» **Exercise aim**: Transcribe this listing exactly; omit the pictures.

» **Input data**:

____________________

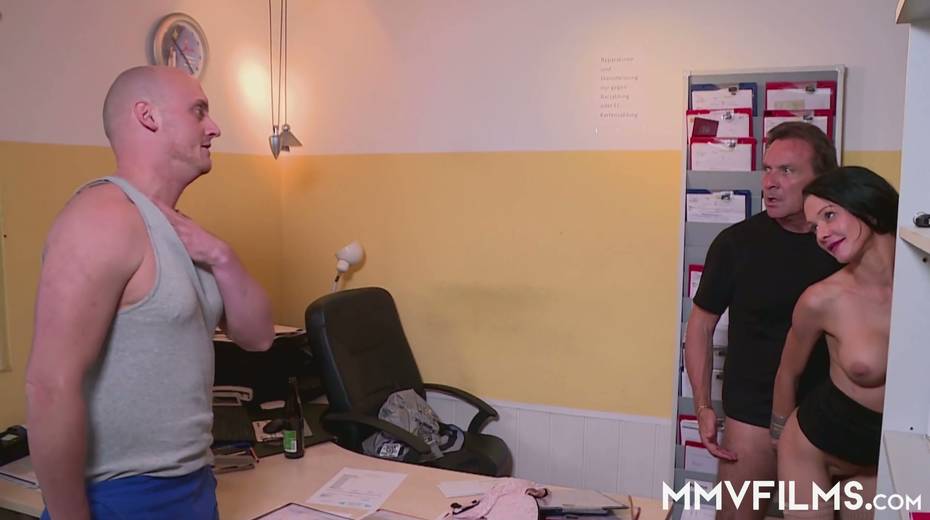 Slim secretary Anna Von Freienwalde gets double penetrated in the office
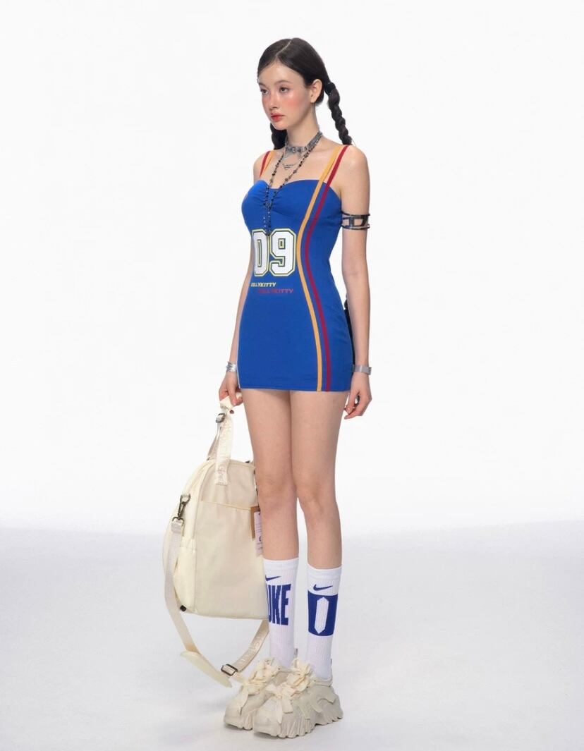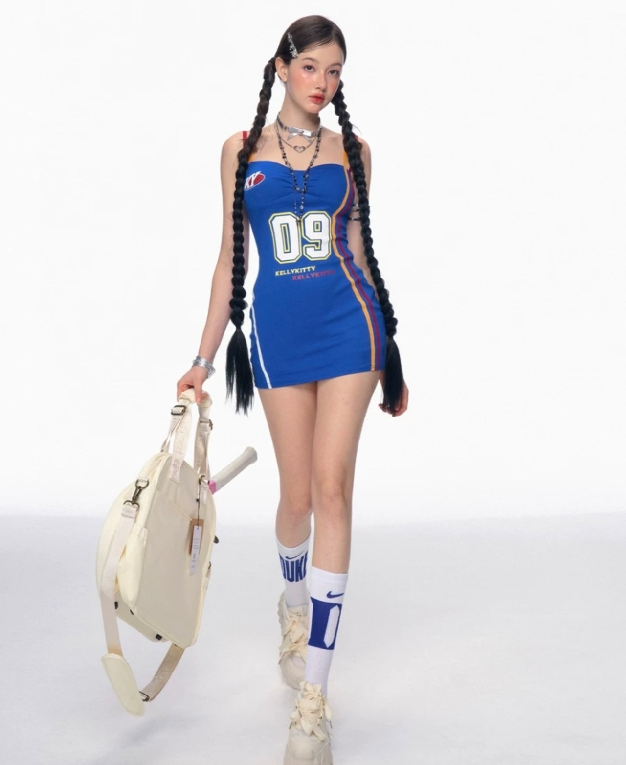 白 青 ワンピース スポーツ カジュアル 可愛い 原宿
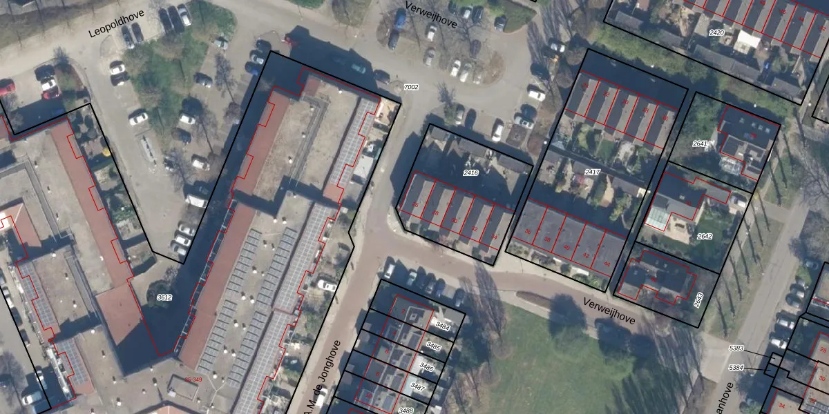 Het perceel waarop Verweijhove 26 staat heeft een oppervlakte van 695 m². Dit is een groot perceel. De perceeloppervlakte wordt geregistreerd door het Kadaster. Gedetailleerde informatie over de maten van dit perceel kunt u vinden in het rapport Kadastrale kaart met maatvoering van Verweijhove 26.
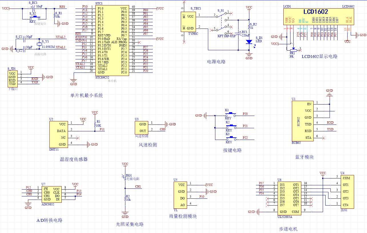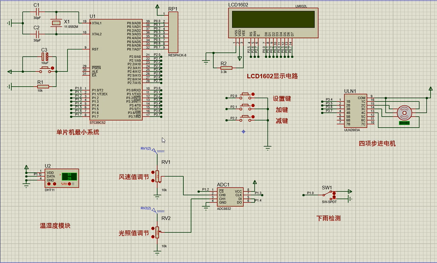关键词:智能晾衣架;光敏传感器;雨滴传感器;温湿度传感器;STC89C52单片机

____________________

» **Worked solution**:
 Slim secretary Anna Von Freienwalde gets double penetrated in the office
 白 青 ワンピース スポーツ カジュアル 可愛い 原宿
 Het perceel waarop Verweijhove 26 staat heeft een oppervlakte van 695 m². Dit is een groot perceel. De perceeloppervlakte wordt geregistreerd door het Kadaster. Gedetailleerde informatie over de maten van dit perceel kunt u vinden in het rapport Kadastrale kaart met maatvoering van Verweijhove 26.
关键词:智能晾衣架;光敏传感器;雨滴传感器;温湿度传感器;STC89C52单片机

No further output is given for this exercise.